The opposition in its new configuration may well yield better results. An opposition party that runs independently of the left can more plausibly make the case that it is a centrist or center right alternative. Many voters have grown weary of Fidesz after such a long run in power, making conditions ideal for Tisza to win over Fidesz supporters. As in Poland, Magyar has pledged not to form a coalition with the incumbent. Unlike the Polish situation, however, Tisza has emerged as the dominant opposition force. The party’s role will likely not simply be to play spoiler in favor of the left, but rather will have the freedom to pursue its own vision for the country. 

What that vision will be depends entirely on Magyar, the man around whom the party has formed. Magyar’s rhetoric sounds very much like Orban’s. He speaks about Hungary in a grand, patriotic way and frequently references the country’s history and Christian faith. While perhaps surprising coming from an opposition candidate, it shows just how much Orban has shifted the entire political landscape in Hungary to the right. It may also be a genuine expression of the values of a man who only recently left Fidesz. He will need to convince at least some of the over 49 percent of Hungarians that voted for Fidesz in the 2022 election that such is the case. Attempting to convince his left-wing supporters and, eventually perhaps, coalition partners to sign on to his conservative program may prove even more difficult. Magyar has distanced himself from Ferenc Gyurcsany, the influential Orban rival who resigned as prime minister in a 2006 scandal that is still fresh in the minds of many Hungarians. It is hard to imagine, however, that—barring an outright majority for Tisza—he would decline partnership with the left given that he is defined by his opposition to Fidesz and has drawn much of his support from voters on the left.

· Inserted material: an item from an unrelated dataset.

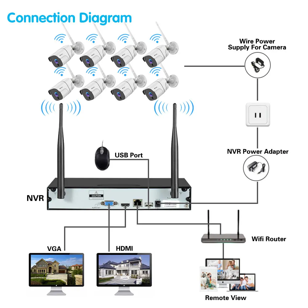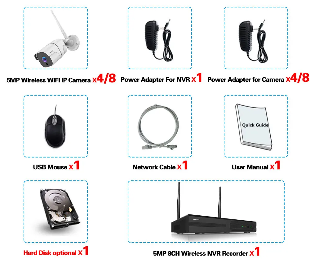 1X 8-канальный 5-мегапиксельный Беспроводной Wi-Fi видеорегистратор;4/8x Ultra HD 5 Мп беспроводная Wi-Fi цилиндрическая IP-камера;4/8x блок питания для камеры;1 источник питания для сетевого видеорегистратора;1 USB-мышь (подарок);1x3 фута 1 м кабель Ethernet (подарок);1 Краткое руководство;Жесткий диск опционально!

Bringing out new voters will also be a key to Magyar’s political future. The fact that overall participation in the typically low-turnout EU parliamentary election rose by nearly 16% between 2019 and this year suggests he may be able to generate the interest to do so.

At this point, it is difficult to predict much. Magyar is brand new on the scene and has no track record to judge him by. It may in fact be his greatest asset, allowing him to be a blank slate for hopes of political change. The fact that Tisza now has representatives in EU and municipal governments will change this.

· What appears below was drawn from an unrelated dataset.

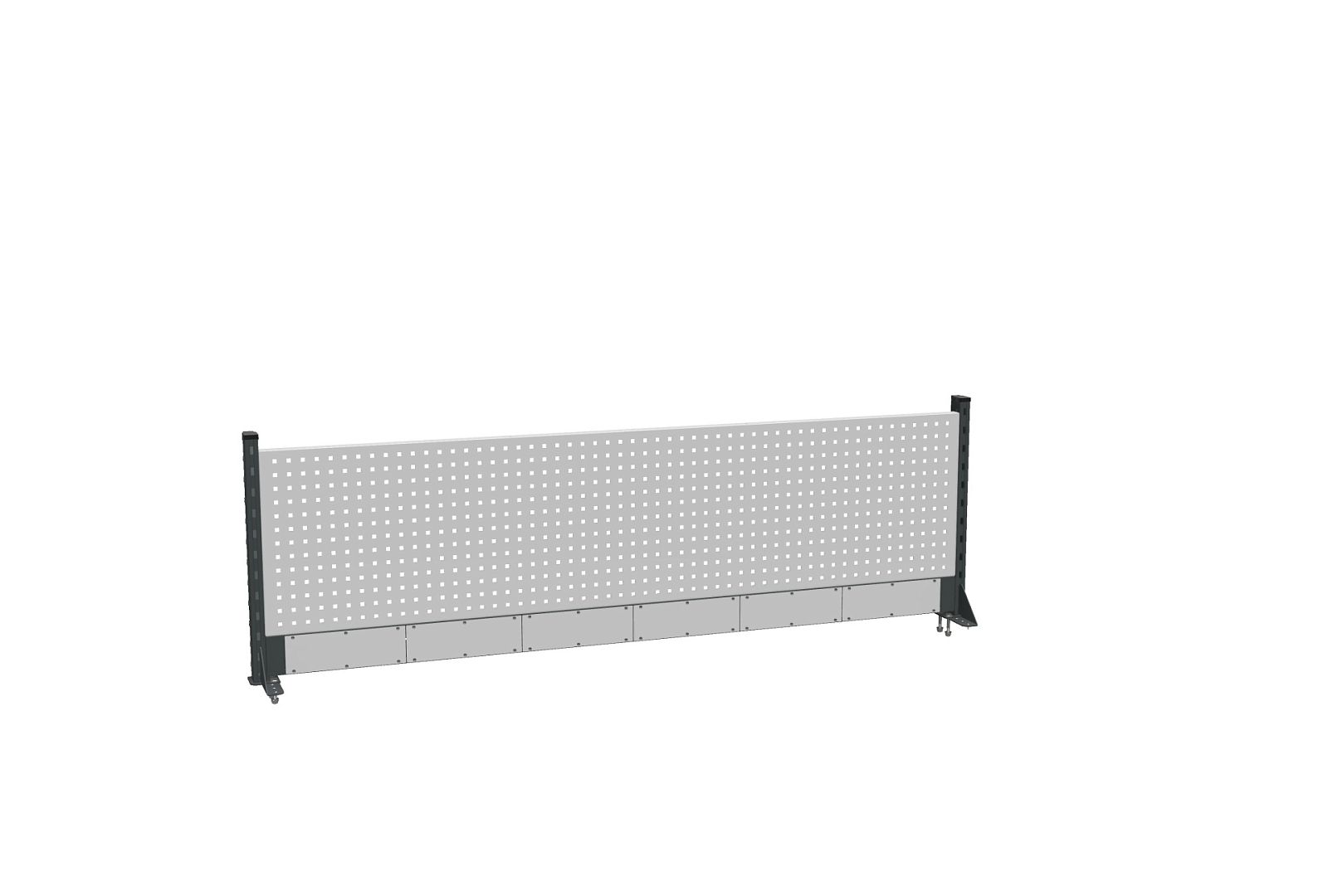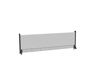 В комплекте короб для коммуникаций, одна перфорированная панель, комплект стоек боковых.

As surprising as Tisza’s rise was, Fidesz’s underperformance should not be overstated. Fidesz won the third-highest percentage of the voter share of any winning party in the EU parliamentary elections. In the local elections in left-leaning Budapest, which makes up approximately a third of Hungary’s population, an independent candidate backed by Fidesz at the last moment came within 0.1% of unseating the incumbent green mayor. Fidesz also managed to hold on to most of its regional municipal governments in Budapest and around the country. And while Fidesz’s support dropped proportionally, it succeeded in turning out its voters, increasing its total votes from 1.8 million in 2019 to 2.1 million. And Fidesz managed to accomplish all of this in a midterm election when voters are more likely to vent their frustrations with the status quo.

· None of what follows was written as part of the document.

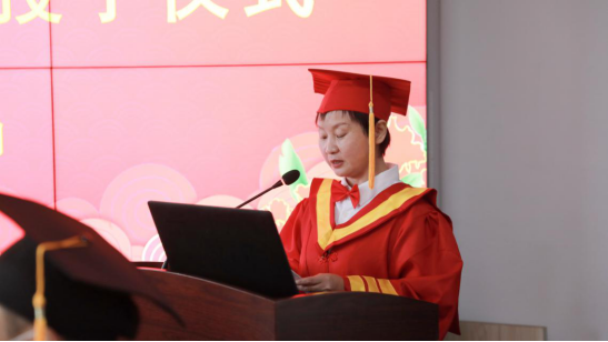 典礼最后,院长崔艳荣致辞,她希望同学们在新的征程中,记得初心,记得善良,记得心中的梦、眼中的光,记得家国情怀与责任担当,并寄语毕业生:“天戴其苍,地履其黄;纵有千古,横有八荒;前途似海,来日方长”,“大鹏一日同风起,扶摇直上九万里”!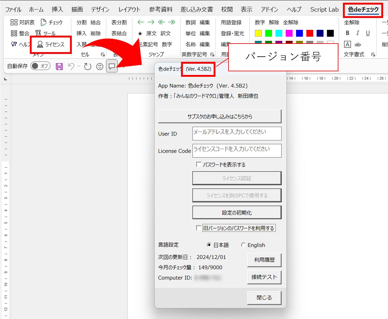 [色deチェック]タブの[ライセンス]ボタンをクリックしてライセンスの認証用ダイアログを開いてください。タイトルバーにバージョン番号が記載されています。

Hungary was a forerunner on the trend of “right-wing populism” that has—and apparently continues to—sweep the West. Fidesz’s 2010s rise preceded Brexit and Donald Trump. If its success signaled winds of change then, its signs of stumbling are worth paying attention to now. Whether Tisza will turn out to be a flash in the pan or the beginning of a seismic shift in Europe’s most right-leaning country likely depends most on Viktor Orban. His successful leadership that so many conservatives throughout the West have come to admire will be put to its biggest test.